Силуэт мадемуазель Обье постепенно таял в наступавших сумерках. Я вскочил и суетливо зажег верхнюю лампу, все бра и торшеры в комнате. Мне стало страшно: вдруг эта размытая тьмой фигурка исчезнет совсем, незаметно соскользнет в смерть.
Мадемуазель умолкла. Она сидела понурив голову с растрепанным шиньоном в окружении светлого нимба. Потом произнесла – если мне удалось правильно расслышать то, что исходило из этих бедных старческих уст:
– Знаете, месье Шенонь, в моем возрасте и умирать не нужно!
И опять смолкла. Она положила на мою руку свои дрожащие, сухие, ледяные пальчики. И мне почудилось, что никогда еще простое человеческое прикосновение не подводило меня так близко к краю бездны.
Осень и зима 1966 года прошли тяжело. За несколько недель разум мадемуазель Обье совсем помутился. В начале октября ее отвезли в больницу. Честно говоря, мне было крайне тяжело навещать ее там. Я желал ей скорой кончины.
Я поднимался наверх в лифте. Мне становилось не по себе при виде санитаров. Больничные коридоры почему-то всегда выглядят пустыми. Ее дверь была третьей по счету. Я громко стучал в нее костяшками пальцев – мадемуазель Обье совершенно оглохла, да и почти онемела, – стараясь, однако, чтобы этот звук не был ни грубым, ни нетерпеливым. Разумеется, я не ждал, что мне ответят: «Войдите!» – пусть даже слабым, дрожащим голосом. Потом я робко входил в палату – или, вернее, это робко протискивался в дверь актер, скверный актер. Который уже не чувствовал запаха эфира, не видел живого трупа на кровати, медленно погружавшегося в старческое слабоумие.
«Мадемуазель! – восклицал я и поспешно изображал на лице радостное изумление. – Знаете, Мадемуазель, я еще никогда не видел вас такой свежей и отдохнувшей!»
Она, конечно, не смотрела на посетителя. Только на губах у нее брезжила слабая тень улыбки, которую можно было, при желании, отнести на свой счет.
«Мадемуазель, я никогда не забываю ваши любимые цвета и ваши любимые цветы», – продолжал я.

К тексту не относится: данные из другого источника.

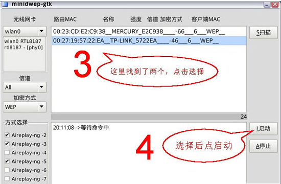 4、找到无线网卡后,选择你要破解的路由,然后点启动;

И предъявлял ее невидящим глазам – или голым больничным стенам – букетик уродливых фрезий. Взяв с тумбочки вазу, я выбрасывал прежние фрезии, менял воду и расправлял цветы, не умолкая ни на минуту, приговаривая с томным восхищением:
«Ах, эти фрезии!»
Я всегда был уверен, что мы оба – и я, и она – ненавидели эти цветочки, похожие на фасолевые, только еще более хилые и жалкие, но это было единственное, что я мог отыскать в ведрах маленькой желтой цветочной лавки на углу, рядом с больницей; кроме того, они хоть какое-то время сохраняли свежесть в пропахшей эфиром и жарко натопленной палате, где угасала Мадемуазель. Ее голова на белой подушке съежилась, став совсем крошечной и почти неузнаваемой; это была голова марионетки, желтая, восковая, сморщенная, как яблоко, закатившееся по недосмотру за холодильник или газовую плиту в кухне, откуда несколько месяцев спустя извлекают крошечный черный ссохшийся шарик.
Я брал стул с бело-зеленым плетеным пластмассовым сиденьем. И садился у постели мадемуазель Обье, не прекращая свой бессмысленный журчащий монолог:
«Никогда не угадаете, что со мной было, когда я выходил из кондитерской… Кстати, вот вам эклер, а вот пирожное с кремом…»
Я сам же их и съедал, продолжая разглагольствовать. Мадемуазель Обье, мучительно напрягая шею, пыталась повернуть ко мне голову; на лице у нее было написано отчаяние, губы кривились в попытке вежливо улыбнуться, воспаленные, забывшие о слезах веки покраснели от болей и бессонницы. Я осознавал, что Она уже не способна даже на это простое движение – повернуть голову, – к которому прибегают грудные младенцы, если они голодны или им не хватает близости родного материнского тела. Я переставлял стул и садился по другую сторону кровати, чтобы она могла меня видеть или чтобы ее лицо просто было обращено к моему, к словам, которые я мог сказать, к неистощимому потоку дурацких новостей:
«Знаете, мадам Филонг – вы ведь помните мадам Филонг? – так вот, она умерла…»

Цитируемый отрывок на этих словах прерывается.